L’entrepreneur se scandalise de cette idée qui reviendrait à céder à ses rivaux allemands le fruit de ses efforts et des sacrifices de ses pilotes. Mais il n’aura pas le dernier mot. En février 1932, il est accusé, ainsi que son fils, de malversations. Déstabilisé, il doit lâcher l’Aéropostale. Celle-ci est mise en liquidation judiciaire le 31 mars 1931.
Bernard Marck (Histoire de l’aviation, Flammarion, 2001) raconte comment cette cabale aurait été montée de toutes pièces par un faussaire, Serge Colin, rétribué par le ministère français de l’Intérieur.
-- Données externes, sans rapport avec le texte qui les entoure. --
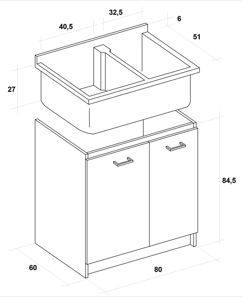 - Abmessungen (LxBxH): 80 x 60 x 85 cm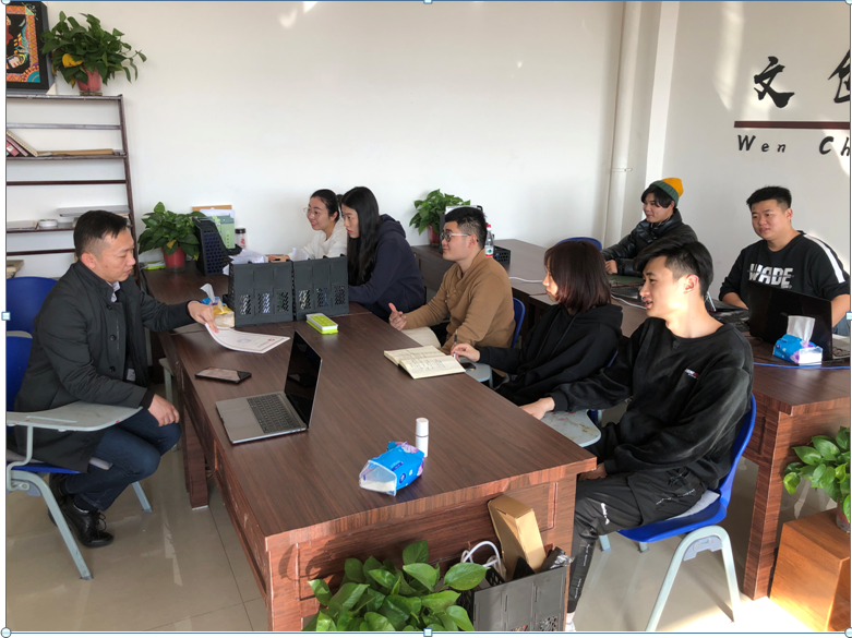 目前,“双带头人”教师党支部书记校园文化创新实践工作室名副其实, 有校院两级领导对工作室的大力支持,有史巍老师殷切指导,再加上工作室里员工党支部党员的示范作用,各项建设工作正在有条不紊的持续开展。在“老带新,传帮带”思想指导下,已有大四员工9人,大一、大二成员11人。在实践过程中,工作室已分别开展了“设计软件教学”、“设计经验分享会”、“扶贫包装大赛”、“党史分享会”等一系列活动和工作,并已初试牛刀设计制作了第一批校园文化创新实践成果。未来,员工们将和老师一起努力工作,立足教学创新实践,共创优秀校园文化。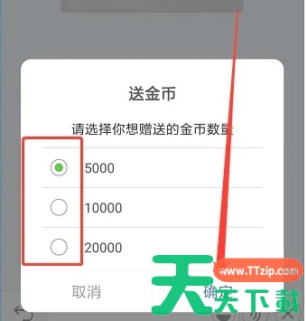 在弹出的选项中,选择“送金币”。需要选择想要赠送的金币数量。请注意,赠送和接收金币的每日额度有限制,超出这个限制你就不能继续赠送或接收金币了。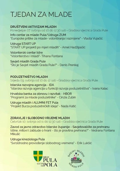 Danas, 7.5.2018., u sklopu Tjedna za mlade, kojeg organizira Grad Pula uz podršku Savjeta mladih Grada Pule, je održan prvi ciklus predavanja s temom "Društveni aktivizam mladih", u prostoru Gradske vijećnice Grada Pule.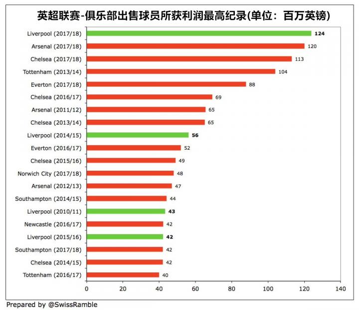 利物浦在上赛季录得的球员销售利润也是英格兰俱乐部的最高纪录。在红军身后,上赛季阿森纳及切尔西分别取得了1.2亿英镑和1.13亿英镑的利润,而热刺则在2013-14赛季通过出售球员获得了1.04亿英镑。利物浦上赛季的球员销售利润甚至比俱乐部此前的最高纪录——2014-15赛季的5600万英镑高了一倍多(当时球队将苏亚雷斯卖至巴塞罗那)。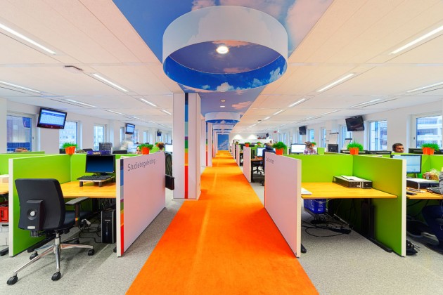 The call centre seems an enclosed space with matching acoustics when you are seated, but as you stand up you enter a wide open space where you can have contact with your colleagues.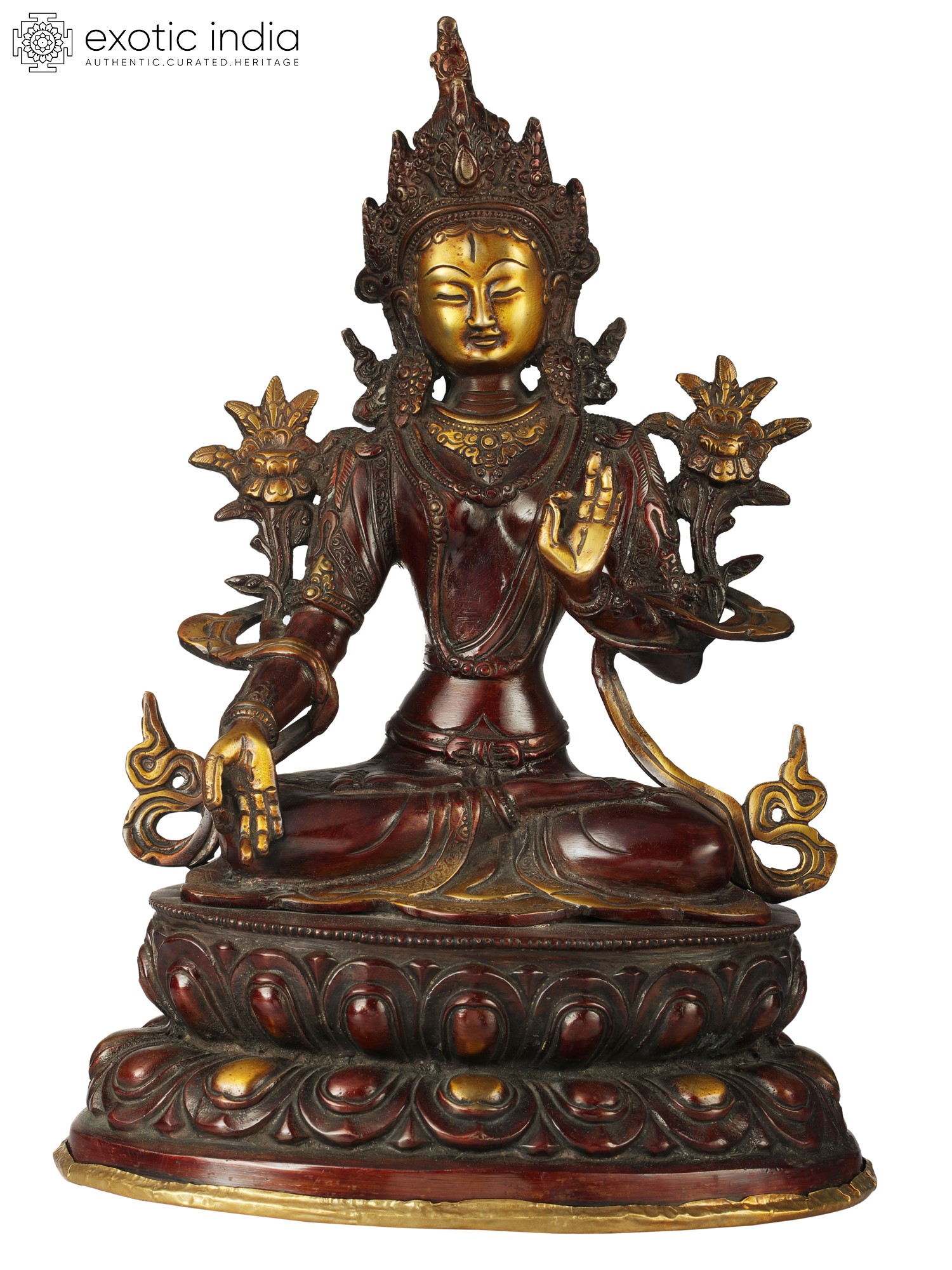 13" Tibetan Buddhist Goddess White Tara In Brass | Handmade | Made In India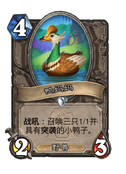 战吼:召唤三只1/1并具有突袭的小鸭子。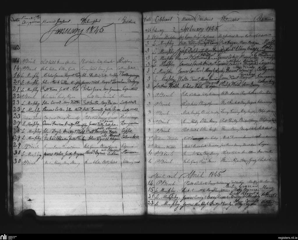 Thomastown; County of Kilkenny; Diocese of Ossory. Marriages, Nov. 1844 to Apr. 1845

Le 30 août 1933 naît la compagnie Air France suite au regroupement de diverses compagnies dont l’Aéropostale. D’emblée, celle-ci abandonne à ses concurrents américains et allemands la plupart des lignes sud-américaines créées par Bouilloux-Lafont et n’en conserve que le tronçon principal. C’est la fin d’une légende.
Côté construction aéronautique, les usines Latécoère vont poursuivre leur activité jusqu’à nos jours en se spécialisant dans la conception de sous-ensembles. Quant à la conception d’avions, elle va prendre un nouvel élan à Toulouse dans les années 1960 (Caravelle, Concorde, Airbus) et, pour l’occasion, on va relever le nom de l’Aéropostale, transformé en Aérospatiale.
Bibliographie
On peut lire la biographie complète d’Emmanuel Chadeau : Mermoz (Perrin, 2000).